A lightly annotated clipping service

These sound-studies highlights of the week originally appeared in the June 6, 2023, issue of the Disquiet.com weekly email newsletter, This Week in Sound. This Week in Sound is the best way I’ve found to process material I come across. Your support provides resources and encouragement. Most issues are free. A weekly annotated ambient-music mixtape is for paid subscribers. Thanks.

▰ FLIGHT CLUB: “[A] growing body of research is showing that the affinity human musicians feel toward birdsong has a strong scientific basis. Scientists are understanding more about avian species’ ability to learn, interpret and produce songs much like our own.” One researcher (Hollis Taylor, a violinist and an ornithologist) “has observed what appear to be warm-up sessions, rehearsals and singing contests. Other than humans, there’s only a ‘small club’ of species with an observed capacity to learn songs and vocal patterns.” And mysteries remain: “If birdsong’s main purpose in some species is for males to attract females, then why do some females also sing? ‘Female song actually arose very early in songbird evolution,’ he said. ‘In species where females don’t sing, it’s because they’ve lost the ability to sing rather than it being gained.’ This indicates that it may have once been evolutionarily beneficial for females to sing — and scientists can’t say why.” (Read at nytimes.com with a gift link.)

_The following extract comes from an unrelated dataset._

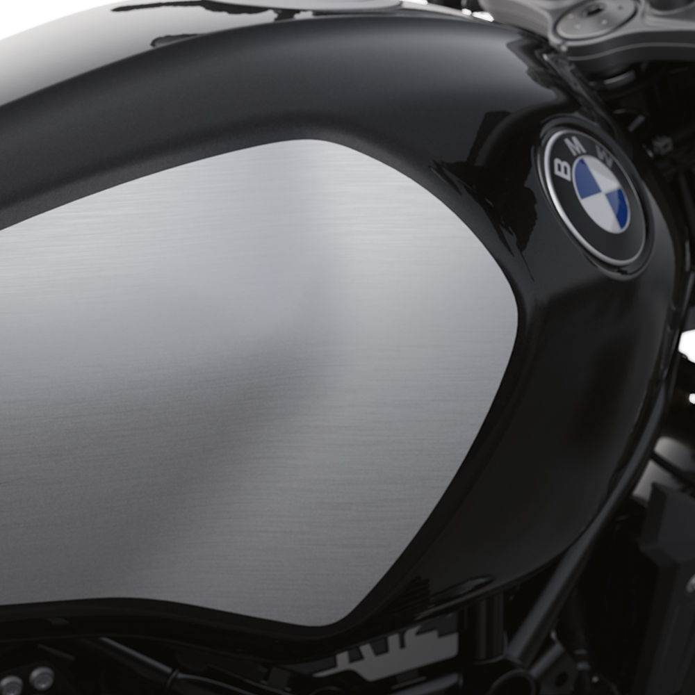 Forhjulsdæksel, airboxdæksel, motorcykelsæde: farven sort løber igennem og tager R 12 nineT til næste niveau cool. Tanken i sort med aluminiumslook sætter en spændende accent.

▰ HELL’S BELLS: “Yes, the harvested audio will be imported onto a computer and deepened, sculpted, flayed, and spliced until it fits the unforgiving grim-dark horrors of Sanctuary, but Blizzard still takes a distinctly classical approach to the aural aesthetics of Diablo IV, one that resembles the practical Hollywood filmmaking of the 1950s and ’60s. The marauding demons are programmed with dangling bike chains, molten candle wax, and crushed fruits and vegetables, all of which is captured tangibly, without resorting to the freeware clips bobbing around the internet.” All about the sounds of the new video game.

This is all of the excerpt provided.